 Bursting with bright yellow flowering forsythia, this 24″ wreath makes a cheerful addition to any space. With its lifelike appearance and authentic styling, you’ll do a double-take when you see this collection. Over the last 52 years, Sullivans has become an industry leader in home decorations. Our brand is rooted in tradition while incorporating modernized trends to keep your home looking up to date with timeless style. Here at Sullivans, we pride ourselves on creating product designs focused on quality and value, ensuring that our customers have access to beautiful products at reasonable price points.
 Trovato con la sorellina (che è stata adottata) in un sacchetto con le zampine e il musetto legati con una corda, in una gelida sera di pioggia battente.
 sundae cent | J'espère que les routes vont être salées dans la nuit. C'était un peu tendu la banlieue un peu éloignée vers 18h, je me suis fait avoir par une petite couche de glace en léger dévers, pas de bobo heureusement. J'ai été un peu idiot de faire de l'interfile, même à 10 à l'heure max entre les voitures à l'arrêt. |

...

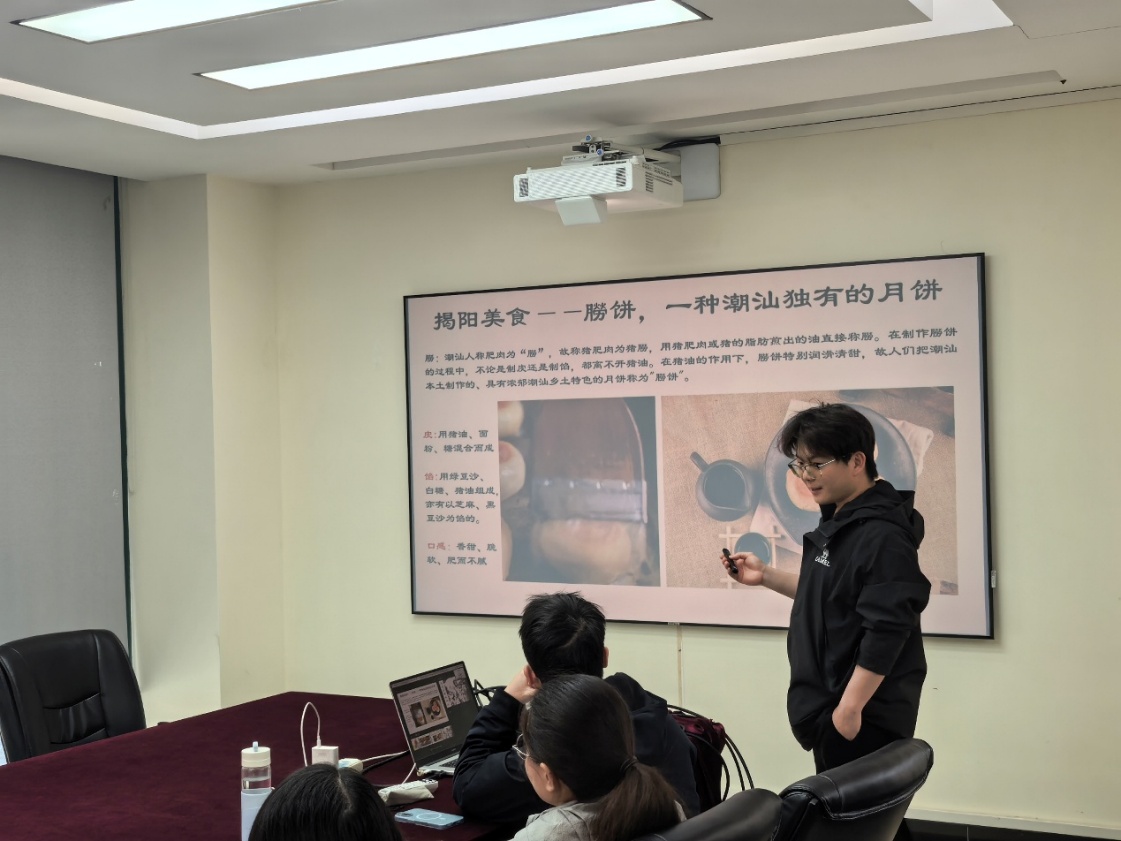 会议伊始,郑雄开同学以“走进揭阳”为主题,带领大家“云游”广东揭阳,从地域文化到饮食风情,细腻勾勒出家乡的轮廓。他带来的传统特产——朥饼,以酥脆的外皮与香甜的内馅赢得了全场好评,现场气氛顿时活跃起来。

# [Work request]
Please reproduce exactly the lines in the listing above from the one containing "Bursting with bright" through the one containing "sundae cent |", both included, and nothing more.

# [Task answer]
 Bursting with bright yellow flowering forsythia, this 24″ wreath makes a cheerful addition to any space. With its lifelike appearance and authentic styling, you’ll do a double-take when you see this collection. Over the last 52 years, Sullivans has become an industry leader in home decorations. Our brand is rooted in tradition while incorporating modernized trends to keep your home looking up to date with timeless style. Here at Sullivans, we pride ourselves on creating product designs focused on quality and value, ensuring that our customers have access to beautiful products at reasonable price points.
 Trovato con la sorellina (che è stata adottata) in un sacchetto con le zampine e il musetto legati con una corda, in una gelida sera di pioggia battente.
 sundae cent | J'espère que les routes vont être salées dans la nuit. C'était un peu tendu la banlieue un peu éloignée vers 18h, je me suis fait avoir par une petite couche de glace en léger dévers, pas de bobo heureusement. J'ai été un peu idiot de faire de l'interfile, même à 10 à l'heure max entre les voitures à l'arrêt. |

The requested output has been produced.